====== DATA BELOW

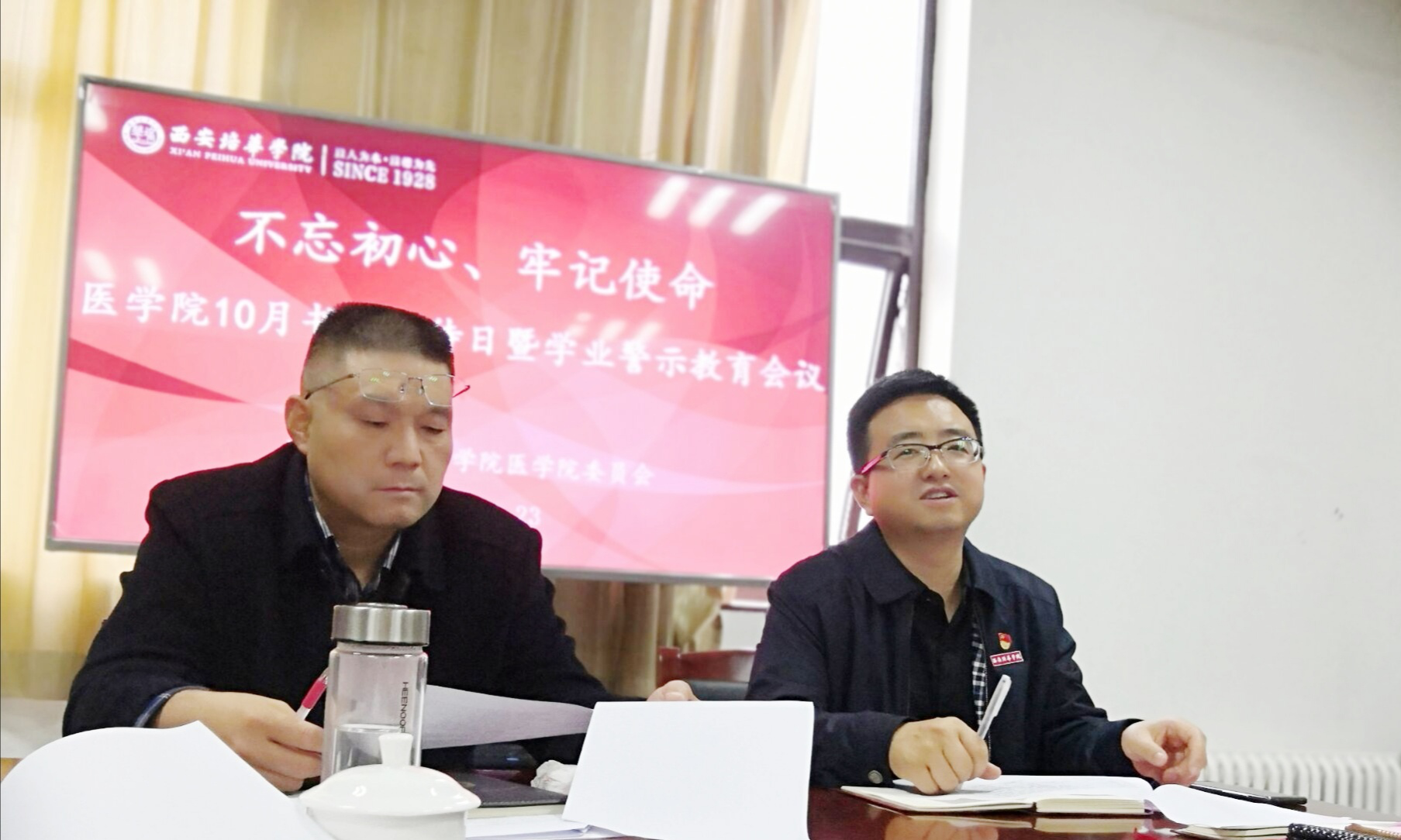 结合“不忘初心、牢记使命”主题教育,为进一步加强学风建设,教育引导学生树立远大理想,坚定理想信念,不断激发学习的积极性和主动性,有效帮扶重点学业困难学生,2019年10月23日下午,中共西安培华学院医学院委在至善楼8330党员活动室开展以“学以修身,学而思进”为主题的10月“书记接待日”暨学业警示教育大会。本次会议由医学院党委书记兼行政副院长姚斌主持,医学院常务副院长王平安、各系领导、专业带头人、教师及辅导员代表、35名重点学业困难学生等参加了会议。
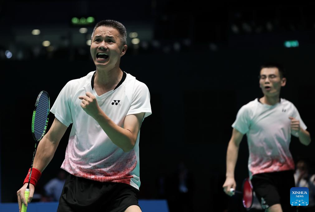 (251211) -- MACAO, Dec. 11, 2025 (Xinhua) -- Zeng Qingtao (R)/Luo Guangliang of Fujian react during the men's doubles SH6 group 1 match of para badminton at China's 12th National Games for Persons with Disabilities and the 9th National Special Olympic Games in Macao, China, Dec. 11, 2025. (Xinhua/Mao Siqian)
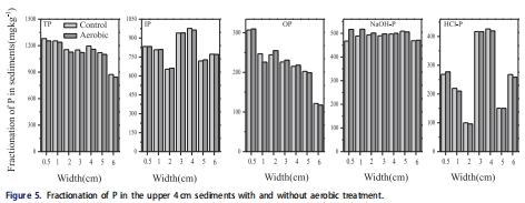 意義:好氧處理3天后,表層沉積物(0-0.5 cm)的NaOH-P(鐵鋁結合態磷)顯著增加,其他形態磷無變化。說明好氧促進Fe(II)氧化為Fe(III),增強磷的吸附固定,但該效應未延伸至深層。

============

- **HOW TO COMPLETE THIS TASK**
Reproduce the listing exactly. Leave its pictures out.

- **ANSWER TO THE EXERCISE**
 结合“不忘初心、牢记使命”主题教育,为进一步加强学风建设,教育引导学生树立远大理想,坚定理想信念,不断激发学习的积极性和主动性,有效帮扶重点学业困难学生,2019年10月23日下午,中共西安培华学院医学院委在至善楼8330党员活动室开展以“学以修身,学而思进”为主题的10月“书记接待日”暨学业警示教育大会。本次会议由医学院党委书记兼行政副院长姚斌主持,医学院常务副院长王平安、各系领导、专业带头人、教师及辅导员代表、35名重点学业困难学生等参加了会议。
 (251211) -- MACAO, Dec. 11, 2025 (Xinhua) -- Zeng Qingtao (R)/Luo Guangliang of Fujian react during the men's doubles SH6 group 1 match of para badminton at China's 12th National Games for Persons with Disabilities and the 9th National Special Olympic Games in Macao, China, Dec. 11, 2025. (Xinhua/Mao Siqian)
 意義:好氧處理3天后,表層沉積物(0-0.5 cm)的NaOH-P(鐵鋁結合態磷)顯著增加,其他形態磷無變化。說明好氧促進Fe(II)氧化為Fe(III),增強磷的吸附固定,但該效應未延伸至深層。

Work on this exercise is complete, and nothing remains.